Weird plan variation with recursive CTEs - Mailing list pgsql-performance

From Claudio Freire
Subject Weird plan variation with recursive CTEs
Date
Msg-id CAGTBQpYLZ2zHXhet+7W-gpeurf9gTUsM6Z+g1rxeRjySByJBMw@mail.gmail.com
Whole thread Raw
Responses Re: Weird plan variation with recursive CTEs
List pgsql-performance
Here's a strange thing.

Postgres 9.1.0 on a severely underpowered test machine

effective_cache_size = 128M
work_mem = 48M


This query:

WITH
RECURSIVE subordinates AS (
    SELECT id, originator_id FROM partner_deliveries WHERE originator_id
in (225645)
    UNION ALL
    SELECT partner_deliveries.id, subordinates.originator_id
        FROM partner_deliveries, subordinates
        WHERE partner_deliveries.originator_id = subordinates.id
),
distinct_subordinates AS ( SELECT id, originator_id FROM (
    SELECT DISTINCT id, originator_id FROM subordinates
    UNION DISTINCT
    SELECT id, id FROM partner_deliveries WHERE id in (225645)
) itab ORDER BY id )
SELECT
    s.originator_id,
    sum(o.opens) as opens,
    sum(o.clicks) as clicks,
    sum(o.questionnaire) as questionnaire,
    sum(o.completes) as completes,
    sum(o.quotafulls) as quotafulls,
    sum(o.screenouts) as screenouts
FROM overview o
JOIN distinct_subordinates s ON s.id = o.partner_delivery_id
GROUP BY s.originator_id;

Works perfectly: http://explain.depesz.com/s/j9Q

The plan produces an index scan on overview (roughly 1.5M tuples),
which is desired.

Now, I tried to skip one hashagg to "speed it up a bit", and found
something really unexpected:

http://explain.depesz.com/s/X1c

for

WITH
RECURSIVE subordinates AS (
    SELECT id, originator_id FROM partner_deliveries WHERE originator_id
in (225645)
    UNION ALL
    SELECT partner_deliveries.id, subordinates.originator_id
        FROM partner_deliveries, subordinates
        WHERE partner_deliveries.originator_id = subordinates.id
),
distinct_subordinates AS ( SELECT id, originator_id FROM (
    SELECT id, originator_id FROM subordinates
    UNION DISTINCT
    SELECT id, id FROM partner_deliveries WHERE id in (225645)
) itab ORDER BY id )
SELECT
    s.originator_id,
    sum(o.opens) as opens,
    sum(o.clicks) as clicks,
    sum(o.questionnaire) as questionnaire,
    sum(o.completes) as completes,
    sum(o.quotafulls) as quotafulls,
    sum(o.screenouts) as screenouts
FROM overview o
JOIN distinct_subordinates s ON s.id = o.partner_delivery_id
GROUP BY s.originator_id;

If you don't notice, the only difference is I removed the distinct
from the select against the recursive CTE for distinct_subordinates,
expecting the union distinct to take care.
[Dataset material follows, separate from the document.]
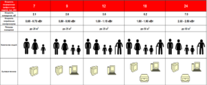 Pour les enfants de 5 à 12 ans, le coefficient est de 50 W. Lors du calcul du gain de chaleur total lors de l'installation d'un climatiseur dans une maison, une moyenne de 110 W est prise, qui est multipliée par le nombre de membres de la famille.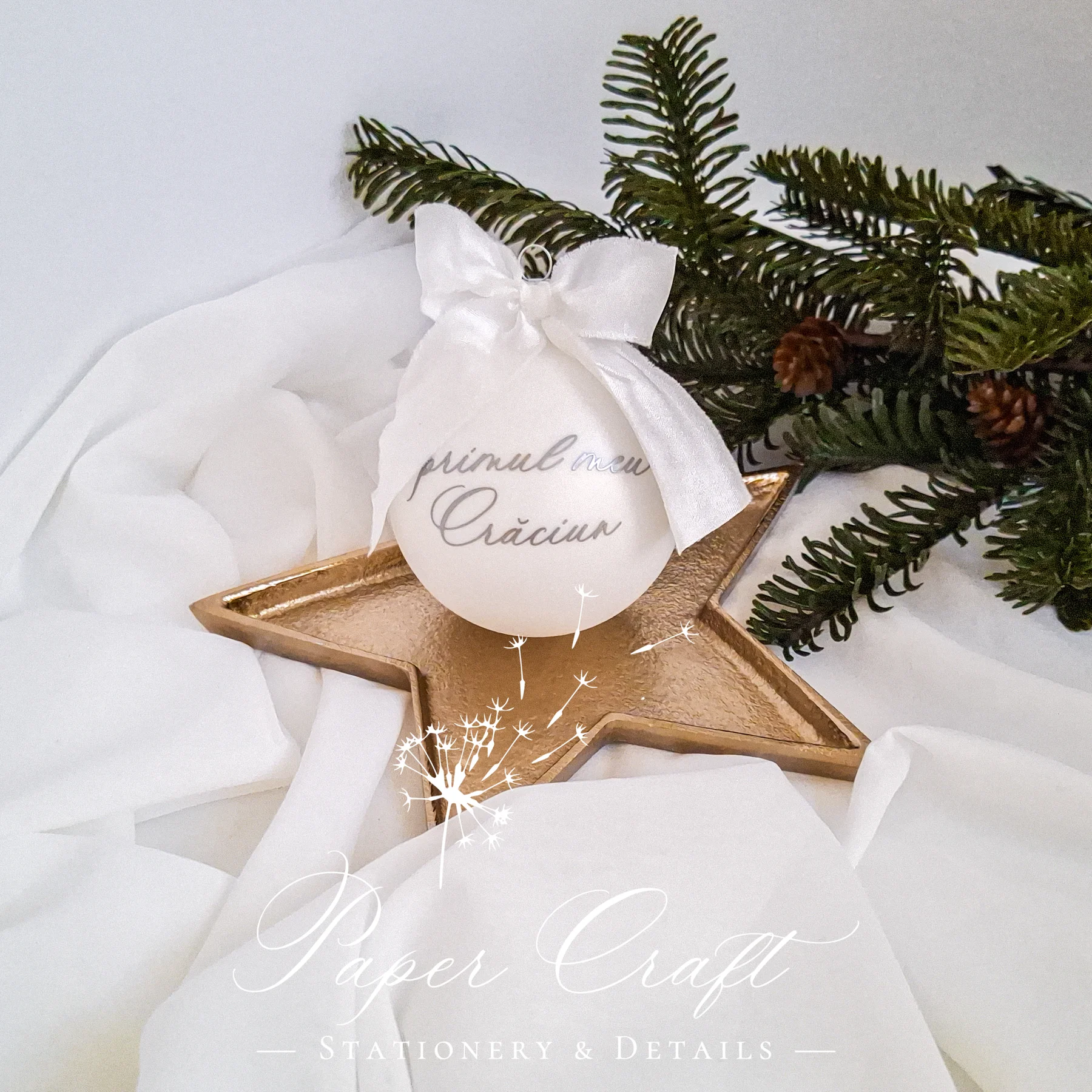 Adaugă o emoție unică în decorul tău de sărbători cu globul de Crăciun „Primul meu Crăciun”, realizat manual din sticlă vopsită alb mat și personalizat cu un mesaj delicat, perfect pentru a marca acest moment special din viața unui bebeluș. Este o amintire prețioasă care va rămâne ani la rând în familie.

It did. But it took a whole
2 seconds longer! (WTF)

Fun thing is, nothing in the CTE's execution really changed. The only
change, is that now a sequential scan of overview was chosen instead
of the index.
Why could this be? The output (number of search values, even the
values themselves and their order) is the same between both plans.